By Gergely Szakacs and Alan Charlish
BUDAPEST/WARSAW (Reuters) – Russia’s invasion of Ukraine is putting pressure on central banks along the European Union’s eastern flank to prop up their weakening currencies, forcing Czech and Polish rate-setters into market interventions and Hungary into prolonged rate hikes.
The market sell-off in the wake of the Russian invasion on Feb. 24 and a looming energy price shock in Europe due to a surge in global oil and gas prices compound already strong underlying price pressures in the region, and the currencies’ sharp weakening could fuel additional inflation.
Economists say against this backdrop, the region’s central banks – which have been fighting inflation with rate hikes since June 2021 – have little choice now but to intervene as needed and tighten policy further even as the growth outlook is set to deteriorate as a result of the military conflict.

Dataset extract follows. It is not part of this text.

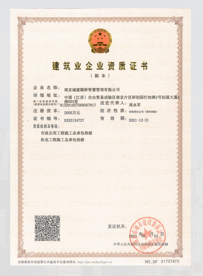 公司历经十几年的发展,现已拥有智能化施工、隧道、市政、机电、防水防腐等多项资质,通过了ISO质量、安全、环境体系认证;是江苏省首批政府授权的项目代建单位。由公司承接的多项建设管理项目荣获国家优质工程奖、全国市政金杯奖、鲁班奖、扬子杯等全国、省、市相关奖项;多次被评为市政工程优秀企业;所管理的市政设施被多次评为全国市政养护示范设施。公司不断探索前沿科技,积极推动向科技型高新企业发展转型,形成了一批拥有自主知识产权的专利成果。 未来,公司将积极对接产业前沿科技,用科技创新引领产业转型发展,积极开拓市场,迈好核心能力构建的坚实步伐,为公众提供更安全、更智慧、更高效的城市设施服务,努力打造成为城市设施智慧化管理的示范企业!

“The implications of the conflict for CEE-4 monetary policy are firmly hawkish, in our view,” economists at Goldman Sachs said.
“While the crisis is likely to have a dampening effect on growth, the combination of higher commodity prices and FX depreciation is significantly inflationary.”
“Moreover, this pro-inflationary shock is occurring at a time when CEE-4 central banks have been trying to tighten financial conditions to bring exceptionally high inflation rates under control. The recent depreciation of CEE-4 exchange rates is making this task more difficult.”
Goldman Sachs has raised its forecast for peak official rates by 50 bps to 5.5% in Poland, Hungary, the Czech Republic and Romania.
On Friday, the Czech National Bank (CNB) intervened in the market against excessive volatility and crown depreciation, its first such move since abandoning a cap on the Czech currency in 2017, lifting the unit from 10-month-lows.
The CNB, which said “it is active on the foreign exchange market and is conducting operations to mitigate excessive fluctuations and depreciation of the crown”, followed the Polish central bank in intervening on Friday.
The Czech central bank has already raised rates by 425 basis points since last June to bring its rate to a 20-year high of 4.5% and analysts see chances the bank will raise rates by up to 50 basis points at its next meeting in late March.
The National Bank of Poland also stepped in to prop up its currency by selling foreign currency for zlotys, while the National Bank of Hungary delivered its biggest rate increase since late-2008 to rein in the forint from successive all-time-lows.
Despite those moves, all three currencies, which started the year on a strong footing, have remained in the red for the year, with the zloty trading at 13-year-lows. The forint plumbed record lows this week, falling to 385.97 versus the euro by Friday afternoon from 372 on Monday.
Graphic: A Bad Week- https://fingfx.thomsonreuters.com/gfx/mkt/xmpjoejwmvr/2022-03-04%20Forint%20worst%20week.png
DOUBLE-DIGIT INFLATION
Central banks cannot do anything other than remain hawkish in the near term, economists at Wood and Co. said in a note, projecting a 2 percentage point drop in 2022 economic growth compared to their previous baseline due to the inflation shock.
“There is a high risk of double-digit inflation this year, moderating, but staying two-to-three times the central banks’ targets in 2023E,” they said.
Economists say rising Romanian swap yields also signal central bank intervention to keep the leu stable.
The central bank has denied comment but it has a long track record of FX interventions to stem large currency volatility.
The National Bank of Poland meets next Tuesday when it is expected to raise its key rate by 50 bps to 3.25%.
The National Bank of Hungary holds a non-rate setting meeting on Tuesday, which some economists expect to turn into a rate-setting meeting after the bank exhausted its room for manoeuvre with Thursday’s massive hike.
The bank raised its one-week deposit rate to 5.35%, just 5 bps shy of the top of its interest rate corridor.
Economists at UniCredit said the NBH could also end up having to intervene this year if government price caps to keep a lid on inflation, which rose to a near 15-year-high in January, are removed after an April general election.
“We believe that rate hikes cannot strengthen the currency on their own. If EUR/HUF remains close to 380 for longer, the FX pass-through could exceed 1pp,” UniCredit said. The NBH has declined comment on direct market interventions.